第6章 鼓動のSerenade*菅原孝支√
「あ…え……!」
声にならない声を発し桃は跳び起きる。
「ごめんなさいっ!」
というとそのまま電気のスイッチの方へ進んだ。
一方菅原は
(今、どんな顔してたんだろ…)
この時の桃の表情を想像すると、思わず口元が緩んでしまうのだった。
パチッ
ようやくスイッチを見つけ周囲が明るく照らされる。
闇に慣れた二人の目はやけに眩しく感じた。
「やっぱり閉められてます。」
桃が目視で確認する。
いつの間にか側に来ていた菅原もガタガタとドアを揺らしてそれを確かめる。
「もう就寝時間なので誰かが外にいるとも考えづらいですね。
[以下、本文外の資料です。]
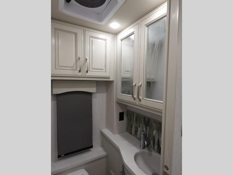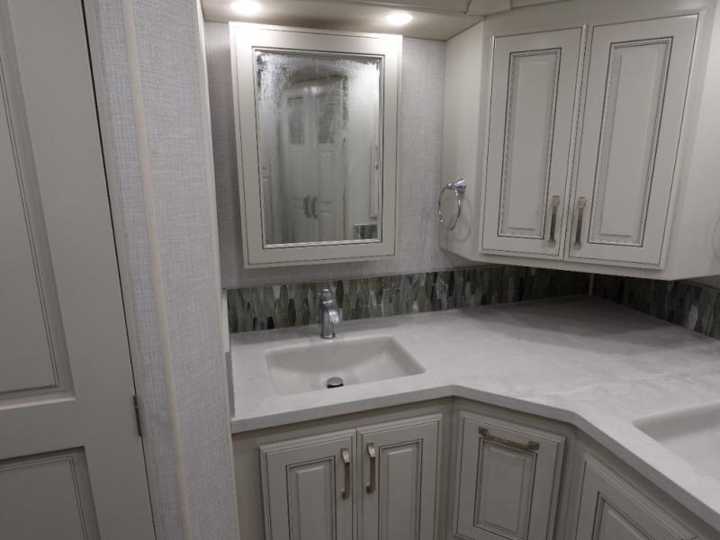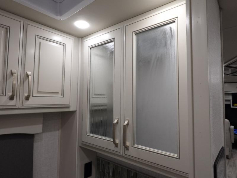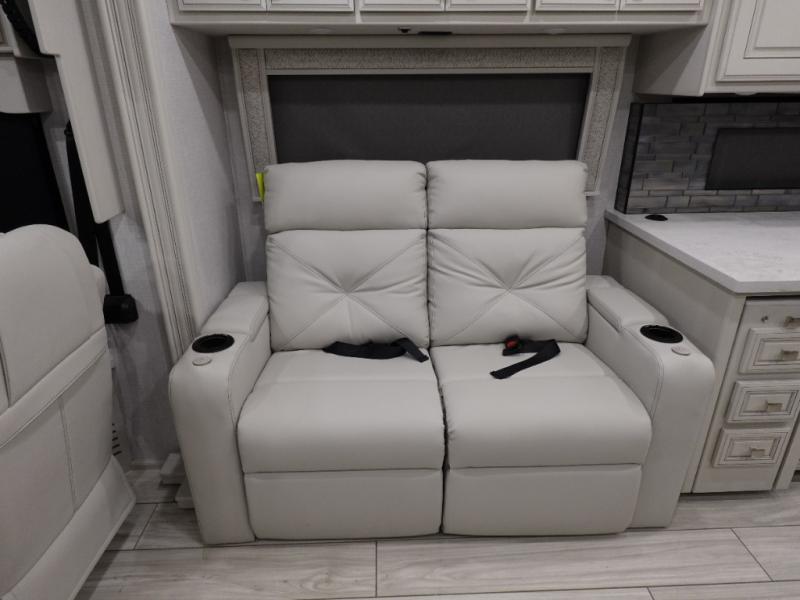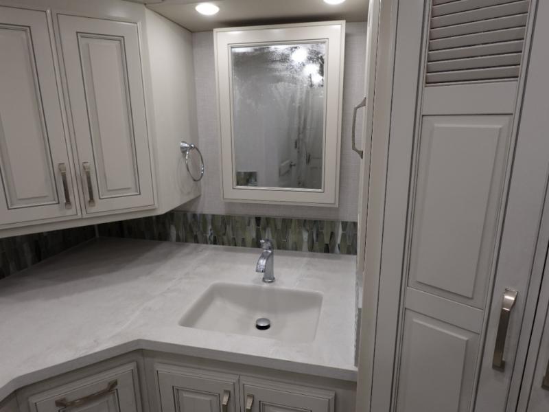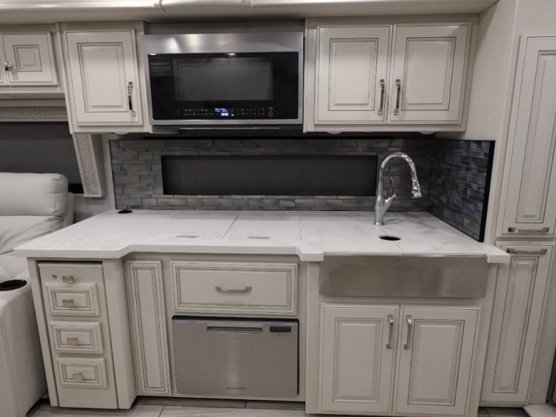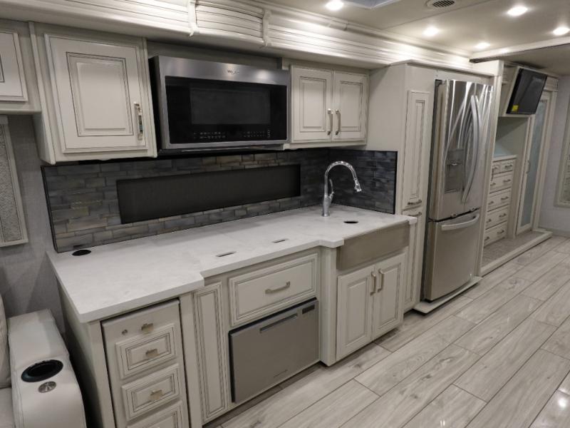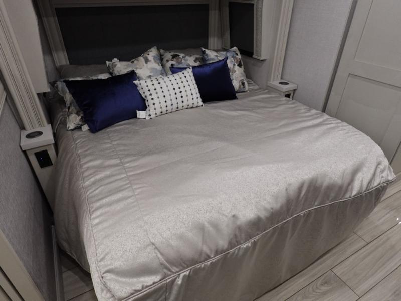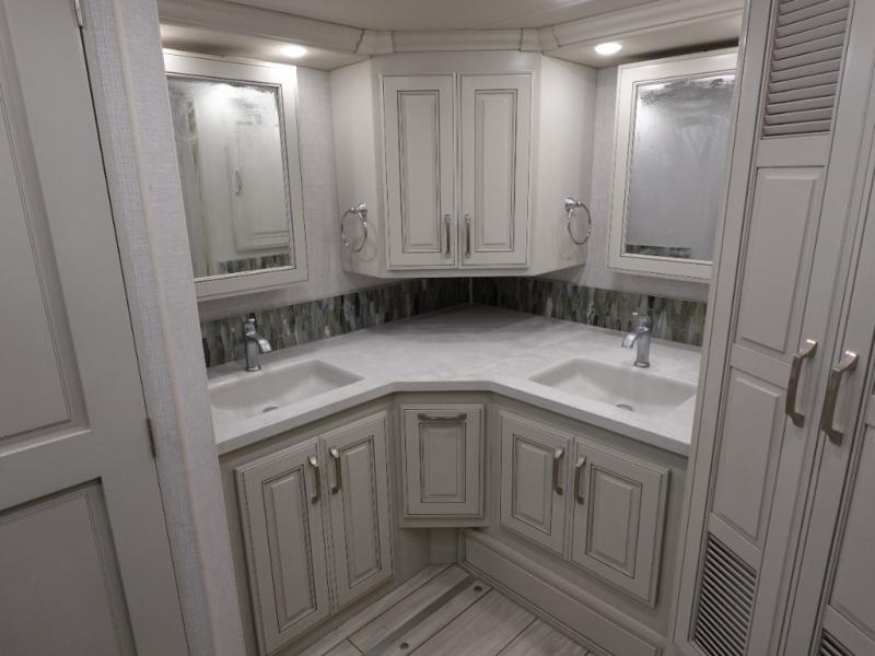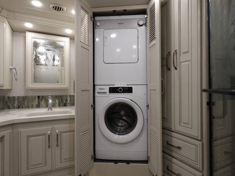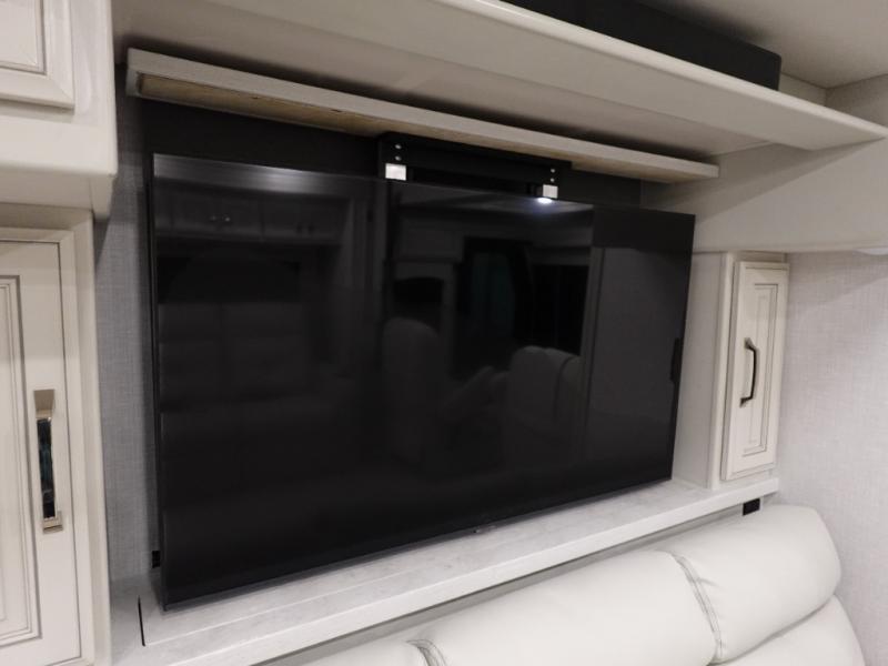 You are going to love this Armada Class A diesel motorhome! As the owners, you'll enjoy a magnificent oasis in the back of this coach with a high-class master suite. The bedroom is connected to a spacious master bathroom that has a dual-sink vanity, a private toilet within the bathroom, a 56" x 38" tile shower with seat, two linen closets, plenty of storage for toiletries, and a washer/dryer. Now isn't that amazing? The bedroom is also filled with comfort as it contains an Encore Series king bed, opposing slides, an LED TV, two wardrobes, and a dresser. Not only is there a full bathroom back in the master suite, but there is an additional half bath out in the main living area which will be useful for anyone else traveling with you. The living area is ultra comfortable with its sofa sleeper with a pull-out full mattress, second sofa, free-standing dinette with credenza, fireplace, and pop-up LED TV. There is even an additional TV above the cab for your viewing pleasure.

」
こんな状況でも冷静に分析する桃に菅原は(さすが王女…)と思っていた。
王女と言われるのが嫌いな、大好きな彼女のために口にはしないが。
「今日はここで寝るしかないべ。」
しばらく後菅原は言った。
冗談のはずだった。
場を和ませるという諧謔心と、
桃が困っているところを見たいという悪戯心から出た言葉だ。
だが桃の返答は予想を大きく外れるものだった。